Cat sells bonds worth $3 billion
Bloomberg says Caterpillar’s sale yesterday of $3 billion in bonds will help it pay for debt coming due this year.
The $3 billion of bonds the Peoria, Illinois-based Caterpillar sold yesterday in three issues will bolster the $7.3 billion of committed credit facilities and $2.7 billion of cash the company can use to meet its maturities this year, said Bruce Clark, a corporate debt analyst with Moody’s in New York.
“It’s very constructive,” Clark said in a telephone interview yesterday. “It goes a long way toward addressing the liquidity shortfall.”
Cat’s stock is in raging-bull mode today, apparently for the simple reason that it was able to find buyers for these bonds.
The bond sales included $1.65 billion of five-year, 6.125 percent notes and $1 billion of 10-year, 7.15 percent debt, both of which were priced to yield 425 basis points more than Treasuries of similar maturity.

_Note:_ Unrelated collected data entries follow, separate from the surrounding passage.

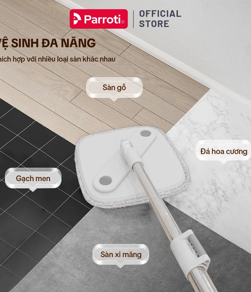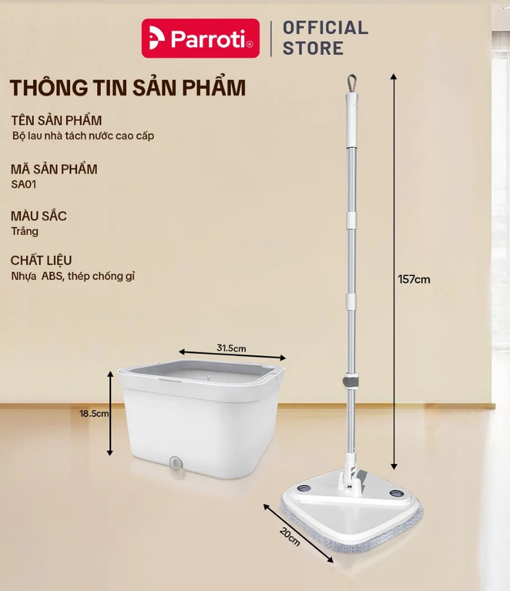 – Tên sản phẩm: Bộ cây lau nhà tự vắt thông minh Parroti Spin – SA01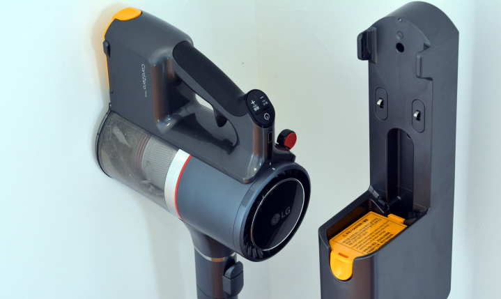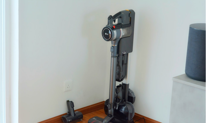 LG A9K Max还有一个立式收纳架。不用的时候,可以把吸尘器和各种吸头配件存放在一起。放置在客厅的角落不会占用太多空间,吸尘器在存放的同时可以自动充电。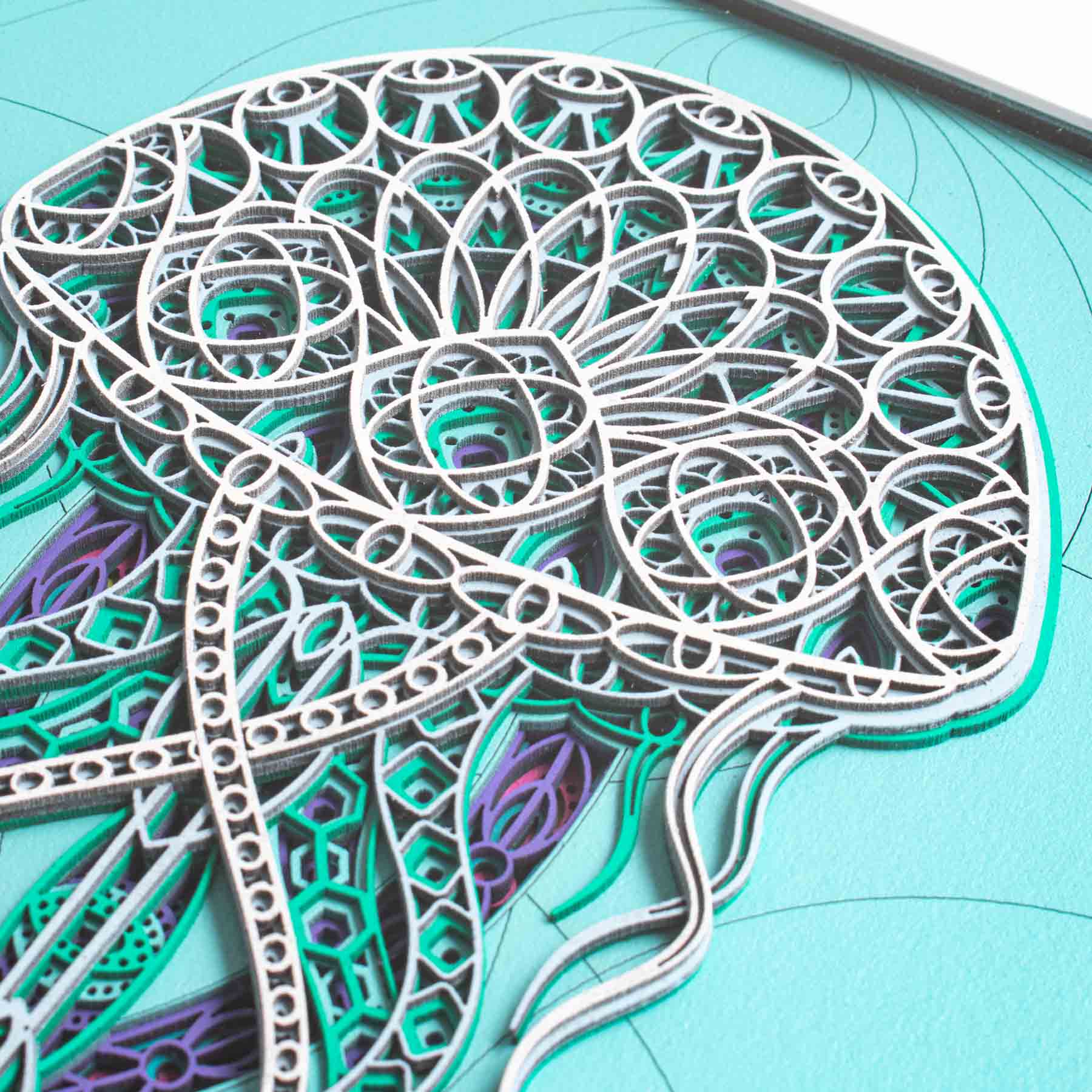 Multi layered jellyfish artwork constructed from eight layers of laser cut card, hand coloured and framed to create a 3D image with amazing detail.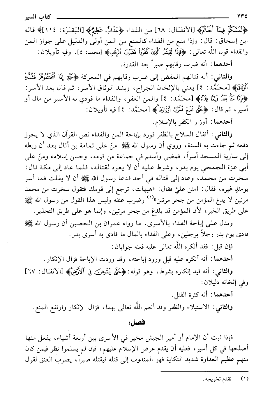 والثاني: أثقال السلاح بالظفر فورد بإباحة المن والفداء نص القرآن الذي لا يجوز دفعه ثم جاءت به السنة، وروي أن رسول الله صلى الله عليه وسلم من على ثمامة بن أثال بعد أن ربطه إلي سارية المسجد أسرًا، فمضى وأسلم في جماعة من قومه، وحسن إسلامه ومن على أبي عزة الجمحي يوم بدر، وشرط عليه أن لا يعود لقتاله، فلما عاد إلي مكة قال: سخرت من محمد، وعاد إلي قتاله في أحد فدعا رسول الله صلى الله عليه وسلم أن لا يلفت فما أسر يومئذ غيره، فقال: امنن علي فقال: "هيهات، ترجع إلي قومك فتقول سخرت من محمد مرتين لا يدع المؤمن من حجر مرتين" وضرب عنقه وليس هذا القول من رسول الله صلى الله عليه وسلم على طريق الخبر، لأن المؤمن قد يلدغ من جحر مرتين، وإنما هو على طريق التحذير.

The company also sold $350 million of three-year, 5.75 percent securities at a spread of 437.5 basis points. A basis point is 0.01 percentage point.
The spread is the risk premium Cat has to offer to entice bond buyers. Cat paid a bit less this time than it did for bonds sold in December, but still more than last September (apparently before all hell broke loose).